All pictures should be dropped, and only the lines from the top of the entries below through the line containing "Ветка ковыль пудрового" repeated exactly, both ends included.

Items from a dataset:
◆ ◆ ◆ ◆

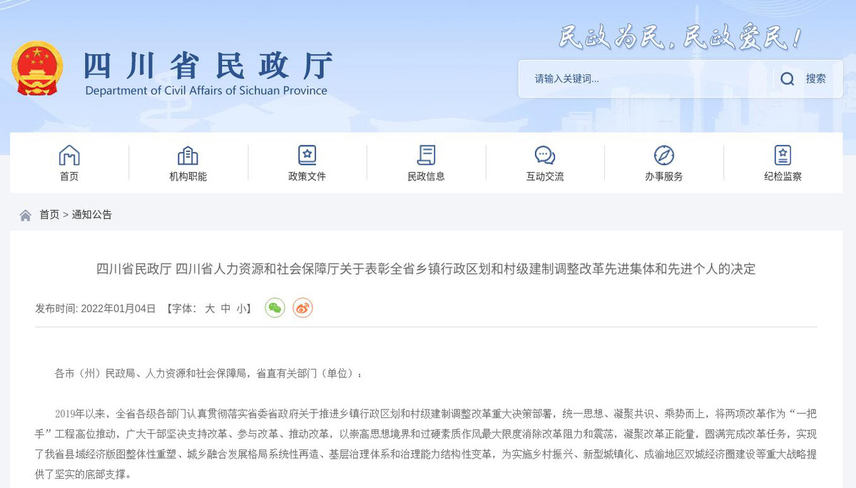 2019年以来,全省各级各部门认真贯彻落实省委省政府关于推进乡镇行政区划和村级建制调整改革重大决策部署,将两项改革作为“一把手”工程高位推动,广大干部坚决支持改革、参与改革、推动改革,凝聚改革正能量,圆满完成改革任务,实现了我省县域经济版图整体性重塑、城乡融合发展格局系统性再造、基层治理体系和治理能力结构性变革,为实施乡村振兴、新型城镇化、成渝地区双城经济圈建设等重大战略提供了坚实的底部支撑。
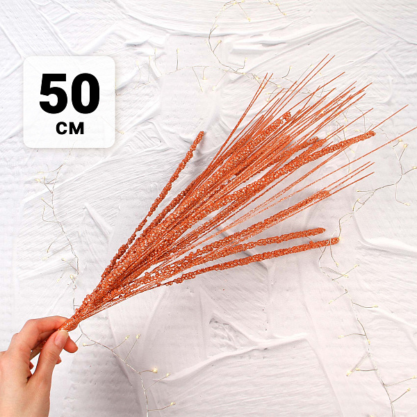 Ветка ковыль пудрового цвета высотой 50 см — декоративное изделие из пластика с эффектным блеском. Ветка украшена мелкими искрящимися элементами, придающими ей легкость и изящество. Ее нежный пудровый оттенок и воздушная форма делают ветку прекрасным дополнением к интерьерным композициям, флористическим букетам и праздничным декорам, добавляя тонкость и оригинальность в оформление.
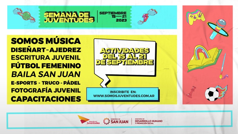 Se viene un mega evento en la provincia de San Juan, cuando del 15 al 21 de septiembre se lleve adelante la “Semana de Juventudes”, una iniciativa que surge desde el Ministerio de Desarrollo Humano y Promoción Social y que tendrá una variada cantidad de actividades en diferentes temáticas.
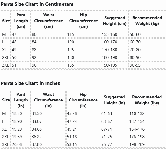 | Size | Pant Length (cm) | Waist Circumference (cm) | Hip Circumference (cm) | Suggested Height (cm) | Recommended Weight (kg) |
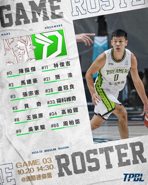 14:30|臺北台新戰神(客)vs 福爾摩沙夢想家(主) 本場賽事登錄名單
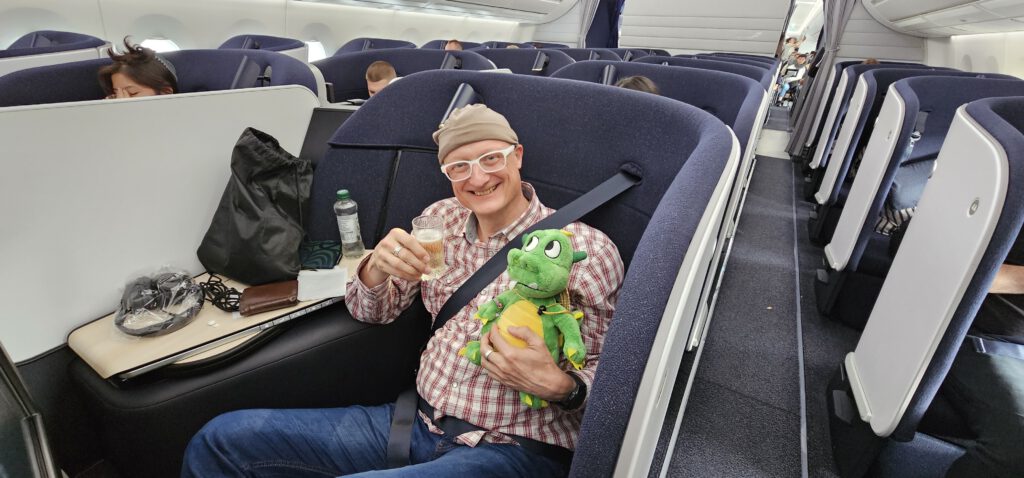 Aber zum Beispiel in die Lufthansa, bzw. Asiana Lounge am Flughafen. Es gab leckeren Salat und wir haben noch einen Viertklässler getroffen, der uns einen guten Flug und schöne Ferien wünschte. Wie nett!
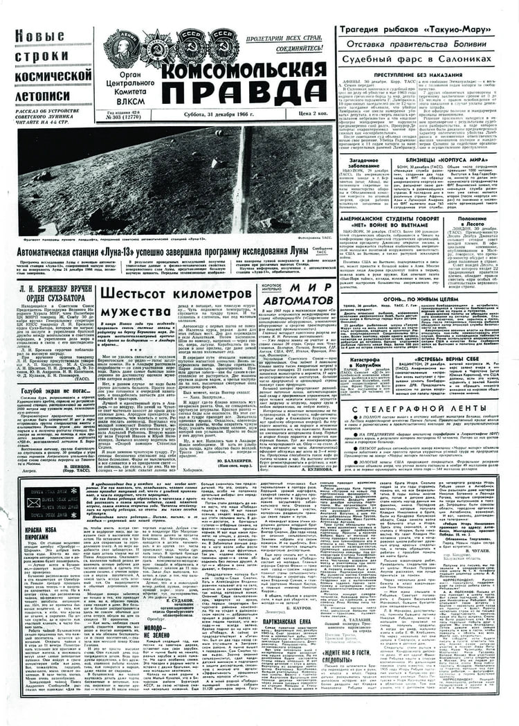 Время космоса. Газета встречает Новый год без сантиментов — на первых полосах «Луна-13», научные данные и телесигналы с поверхности спутника. Праздник где-то между строк: стране важнее покорение Вселенной.
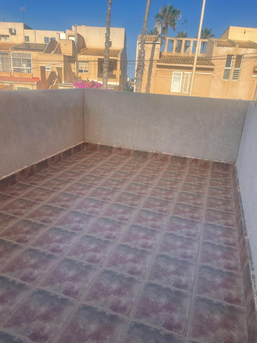 Gelegen op een toplocatie, op slechts 95 meter van het strand in een rustige wijk van Torrevieja, presenteren wij deze schitterende hoekwoning in uitstekende staat. Met een royale woonoppervlakte van 210 m², verdeeld over drie verdiepingen, biedt deze woning volop ruimte, licht en comfort.De woning beschikt over vijf ruime slaapkamers en drie complete badkamers. Op de begane grond vindt u een gezellige woon- en eetkamer met een open Amerikaanse keuken, voorzien van een eethoek en een praktische bijkeuken. De indeling is perfect voor zowel permanente bewoning als vakantieverhuur.Buiten zijn er drie privéterrassen en een solarium met prachtig uitzicht op zee ideaal om te genieten van het mediterrane klimaat. Bewoners hebben ook toegang tot een groot gemeenschappelijk zwembad met uitgestrekte tuinen. De woning beschikt bovendien over een ruime privégarage met directe toegang tot het huis.Dankzij de ligging op een hoekperceel, de uitstekende staat en de nabijheid van zee is dit een unieke kans voor grote gezinnen, als tweede verblijf of als investering in vakantieverhuur.
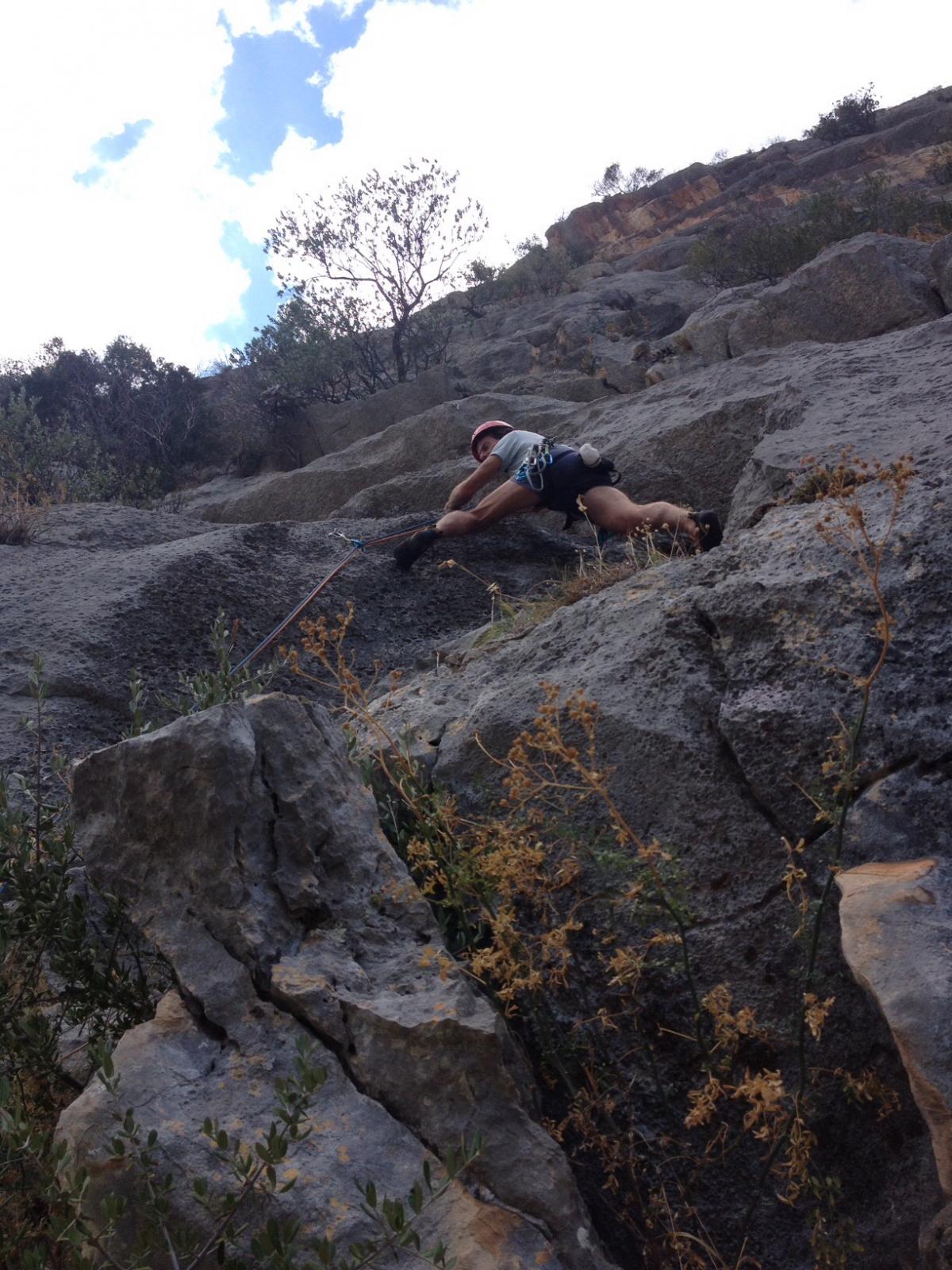 Dalla sosta proseguire in diagonale verso sinistra sino alla base di uno spigoletto che si supera con arrampicata

◆ ◆ ◆ ◆

## Response below
 2019年以来,全省各级各部门认真贯彻落实省委省政府关于推进乡镇行政区划和村级建制调整改革重大决策部署,将两项改革作为“一把手”工程高位推动,广大干部坚决支持改革、参与改革、推动改革,凝聚改革正能量,圆满完成改革任务,实现了我省县域经济版图整体性重塑、城乡融合发展格局系统性再造、基层治理体系和治理能力结构性变革,为实施乡村振兴、新型城镇化、成渝地区双城经济圈建设等重大战略提供了坚实的底部支撑。
 Ветка ковыль пудрового цвета высотой 50 см — декоративное изделие из пластика с эффектным блеском. Ветка украшена мелкими искрящимися элементами, придающими ей легкость и изящество. Ее нежный пудровый оттенок и воздушная форма делают ветку прекрасным дополнением к интерьерным композициям, флористическим букетам и праздничным декорам, добавляя тонкость и оригинальность в оформление.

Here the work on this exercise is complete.